WHAT TO DO: Only the lines from the one containing "2.Adjustable Clamp Width: Capable" to the end of the data below belong in the answer, each repeated exactly; no pictures.

RECORDED INFORMATION:
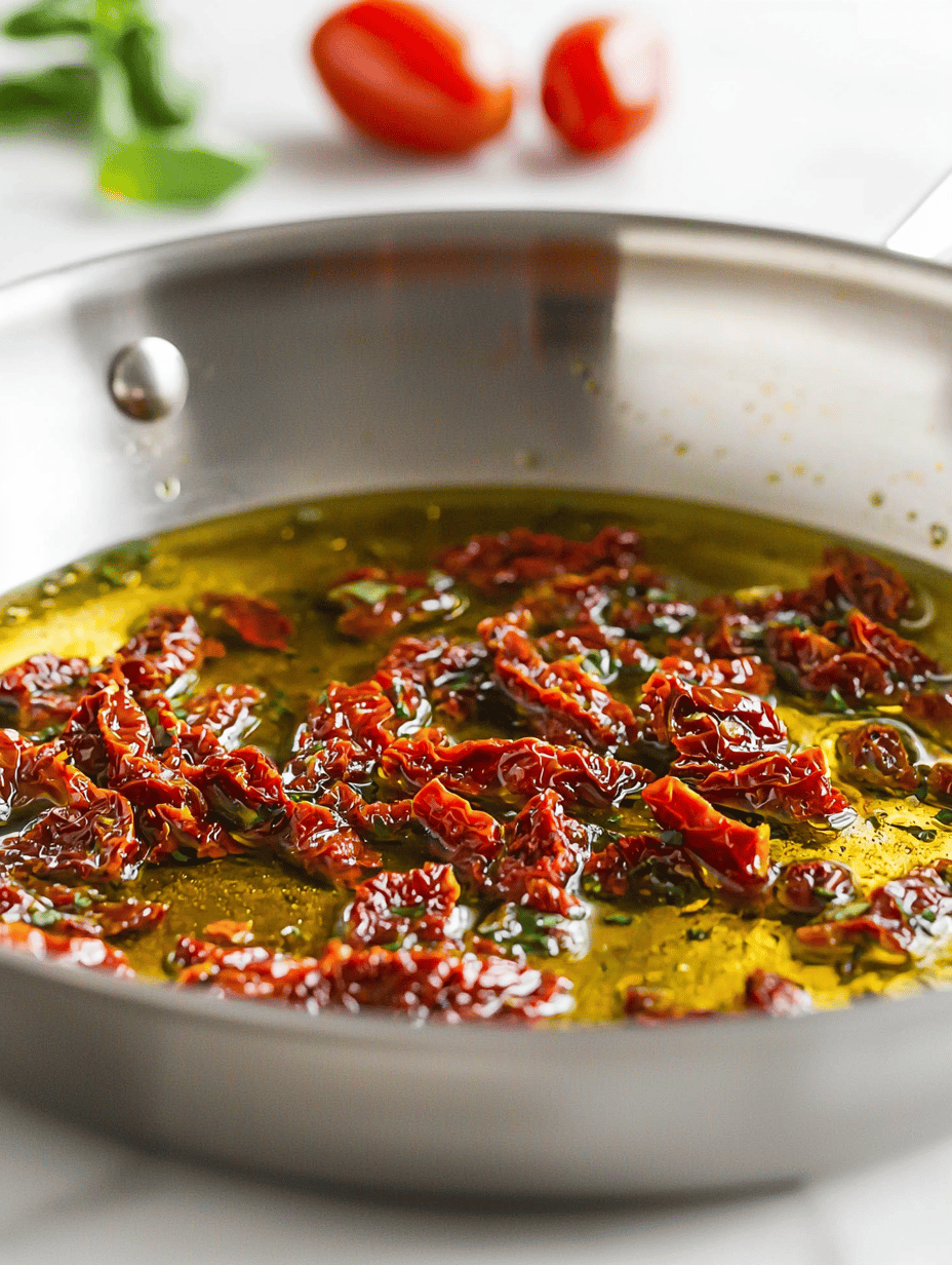 Heat olive oil in a large skillet over medium heat. Add the chopped sun-dried tomatoes and cook until fragrant, about 2 minutes.
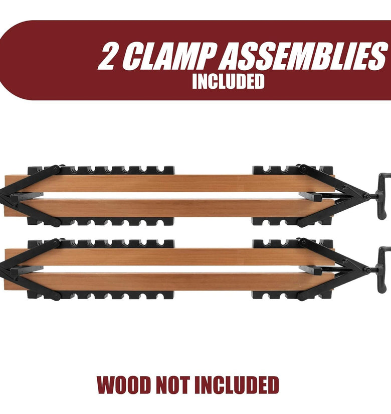 2.Adjustable Clamp Width: Capable of clamping boards with thicknesses up to 6 inches. Features plastic bars with 4 notches that allow you to customize the clamp width to fit various stock dimensions.
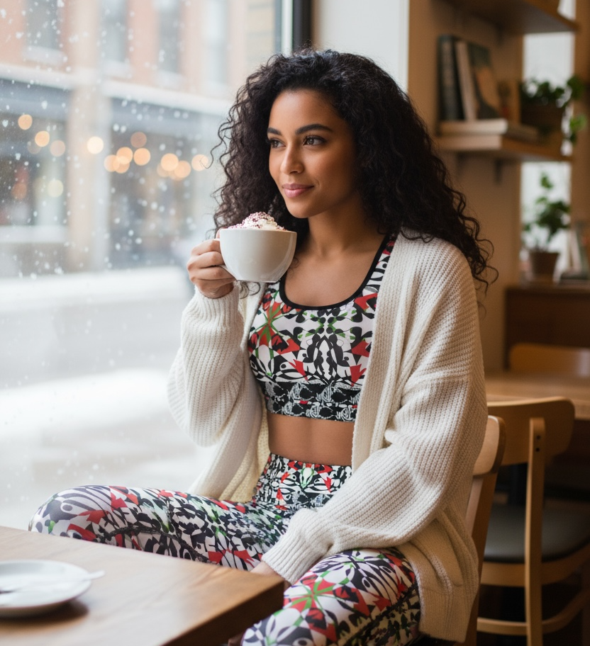 These yoga capri leggings with a high, elastic waistband are the perfect choice for yoga, the gym, or simply a comfortable evening at home. Complete with your Holiday BYM Gnomes - to keep your festivity energy afloat!

RESULT FOR THIS EXERCISE:
 2.Adjustable Clamp Width: Capable of clamping boards with thicknesses up to 6 inches. Features plastic bars with 4 notches that allow you to customize the clamp width to fit various stock dimensions.
 These yoga capri leggings with a high, elastic waistband are the perfect choice for yoga, the gym, or simply a comfortable evening at home. Complete with your Holiday BYM Gnomes - to keep your festivity energy afloat!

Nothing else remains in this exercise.